KDE Plot is known as Kernel Density Estimate Plot which is generally used for estimating the e Probability Density function of a continuous variable. 

It is a method for visualizing the distribution of observations in a dataset, analogous to a histogram. It represents the data using a continuous probability density curve in one or more dimensions.

Here, we can plot for the univariate or multiple variables altogether.

Basically, in statistics, kernel density estimation (KDE) is a non-parametric way to estimate the probability density function (PDF) of a random variable.

Syntax

seaborn.kdeplot(x=None, *, y=None, shade=None, vertical=False, kernel=None, 
bw=None, gridsize=200, cut=3, clip=None, legend=True, cumulative=False, 
shade_lowest=None, cbar=False, cbar_ax=None, cbar_kws=None, ax=None, 
weights=None, hue=None, palette=None, hue_order=None, hue_norm=None, 
multiple='layer', common_norm=True, common_grid=False, levels=10, 
thresh=0.05, bw_method='scott', bw_adjust=1, log_scale=None, color=None, 
fill=None, data=None, data2=None, warn_singular=True, **kwargs)

Parameters:

  • x,y: x and y are variables that specify the position along the x and y-axis.
  • vertical, kernel, bw: It is Deprecated since version 0.11.0.
  • cumulative: It is a bool value. If True, It will estimate a cumulative distribution function.
  • shade_lowest: It is a bool value. If False, the area below the lowest contour will be transparent.
  • cbar: It is a bool value. If True, It adds a colorbar to annotate the color mapping in a bivariate plot.
  • multiple: It is a method for drawing multiple elements when semantic mapping creates subsets.
  • data: Input datasets.
  • warn_singular: It is a bool value. If True, it will issue a warning when trying to estimate the density of data with zero variance.

Examples

Import the libraries we will use.

import seaborn as sns
import matplotlib.pyplot as plt
import pandas as pd

Load the datasets which will be used for plotting the plot.

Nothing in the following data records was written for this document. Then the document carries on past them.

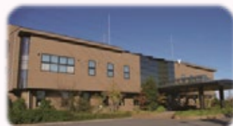
日光川上流浄化センター
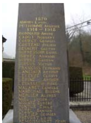
Monument aux morts d'Autrêches (Oise)

Symbole de la Grande Guerre, le monument aux morts est l'étape première d'une étude sur le parcours des combattants. Outre la retranscription des noms inscrits sur le monument aux morts de la commune, le chercheur devra comparer la liste obtenue avec les autres listes de noms : victimes civiles, militaires morts des autres conflits. L'étude du monument en tant que tel est aussi essentielle puisqu'elle permet d'approcher l'état d'esprit de la population au moment de sa commande (étudier le matériau, le style, les symboles, les intervenants : architecte, sculpteur, maître d'ouvrage, entrepreneur...)
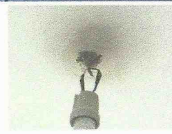
l'impianto elettrico non è dotato di conduttore di terra

data=sns.load_dataset("taxis")
data.head(5)

Output:

data

Another dataset 

data_1= sns.load_dataset("mpg")
data_1.head(5)

Output:

data_1

Create a KDE Plot for total column.

#KDE plot for total column
sns.kdeplot(data=data, x='total')
plt.show()

Output:

total

Create KDE Plot for all the numerical values present in the dataframe

#KDE Plot for all the numeric variables in dataframe
sns.kdeplot(data=data)
plt.show()

Output:

plot_2

Grouping in KDE Plot using category value.

#Grouping the KDE on a category variable
sns.kdeplot(data=data,x="total",hue='payment')
plt.show()

Output:

value

Styling the KDE Plot.

#styling the kde plot
sns.kdeplot( data=data, x="total", hue="payment",fill=True, common_norm=False, 
palette="dark",alpha=.5, linewidth=0,)
plt.show()

Output:

styled

Stacking the  KDE  Plot on a category using MULTIPLE arguement

#stacked KDE Plot
sns.kdeplot(data=data,x='total',hue='payment',multiple='stack')
plt.show()

Output:

stack

For bivariate KDE Plot

# create a bivariate KDE Plot
sns.kdeplot(data_1.horsepower, data_1.mpg)
plt.xlim(0, 260)
plt.ylim(0, 55)
plt.tight_layout()
plt.show()

Output:

plot

Using Shade:

sns.kdeplot(data_1.horsepower,data_1.mpg, shade=True)
plt.show()

Output:

shade

 

Fill the axes extent with a smooth distribution, using a different colormap

sns.kdeplot(data_1.horsepower,data_1.mpg,
    fill=True, thresh=0, levels=100, cmap="mako",)
plt.show()

Output:

kde